▶ _Your instructions_
The output is the lines below from the one with "一个最显著的对照组依然是农夫" through the one with "the audit. |", both included, printed exactly and with no other line.

▶ _Data provided_
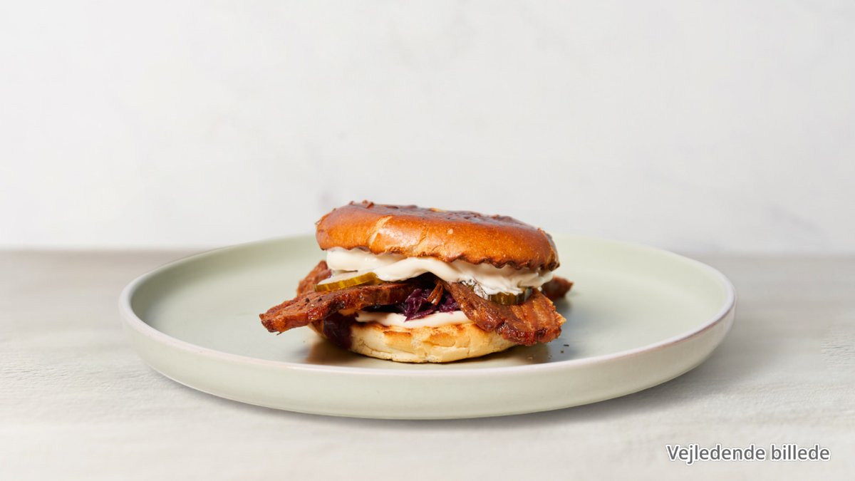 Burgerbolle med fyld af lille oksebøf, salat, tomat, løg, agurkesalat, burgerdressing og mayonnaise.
* * *
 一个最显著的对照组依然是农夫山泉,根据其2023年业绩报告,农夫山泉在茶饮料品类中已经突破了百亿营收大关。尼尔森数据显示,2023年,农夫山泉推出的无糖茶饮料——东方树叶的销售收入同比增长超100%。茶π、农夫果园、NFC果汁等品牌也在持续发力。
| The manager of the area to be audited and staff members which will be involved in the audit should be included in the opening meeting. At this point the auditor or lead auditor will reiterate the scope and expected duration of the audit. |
...
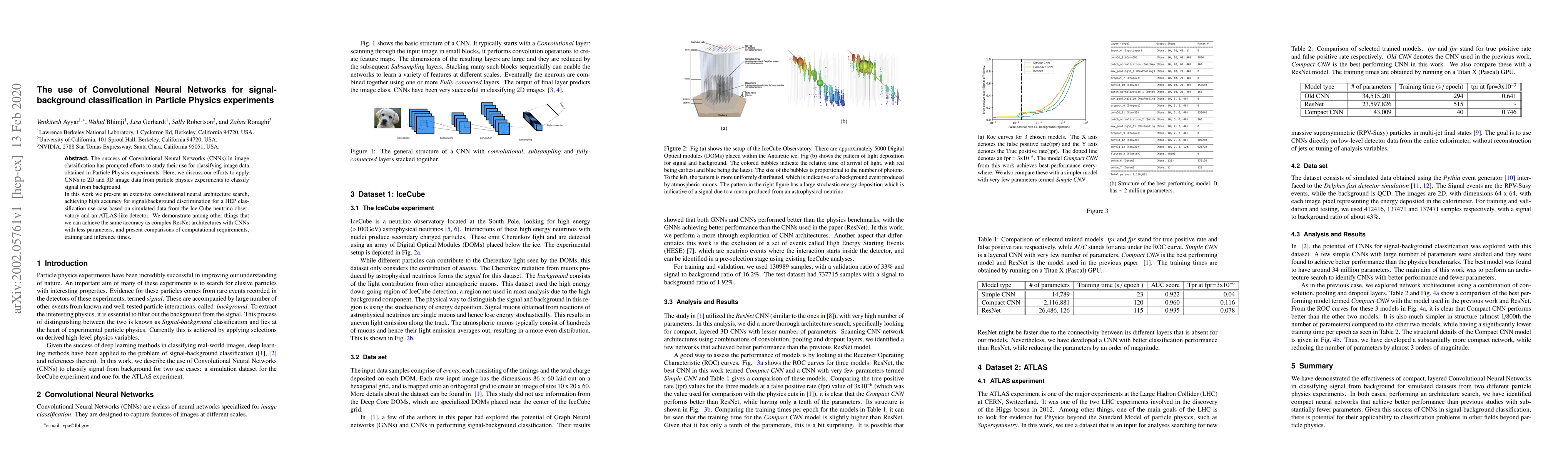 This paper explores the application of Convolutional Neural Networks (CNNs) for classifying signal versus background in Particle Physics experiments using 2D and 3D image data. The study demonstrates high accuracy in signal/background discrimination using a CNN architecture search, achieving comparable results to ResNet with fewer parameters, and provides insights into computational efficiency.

▶ _Completed exercise_
 一个最显著的对照组依然是农夫山泉,根据其2023年业绩报告,农夫山泉在茶饮料品类中已经突破了百亿营收大关。尼尔森数据显示,2023年,农夫山泉推出的无糖茶饮料——东方树叶的销售收入同比增长超100%。茶π、农夫果园、NFC果汁等品牌也在持续发力。
| The manager of the area to be audited and staff members which will be involved in the audit should be included in the opening meeting. At this point the auditor or lead auditor will reiterate the scope and expected duration of the audit. |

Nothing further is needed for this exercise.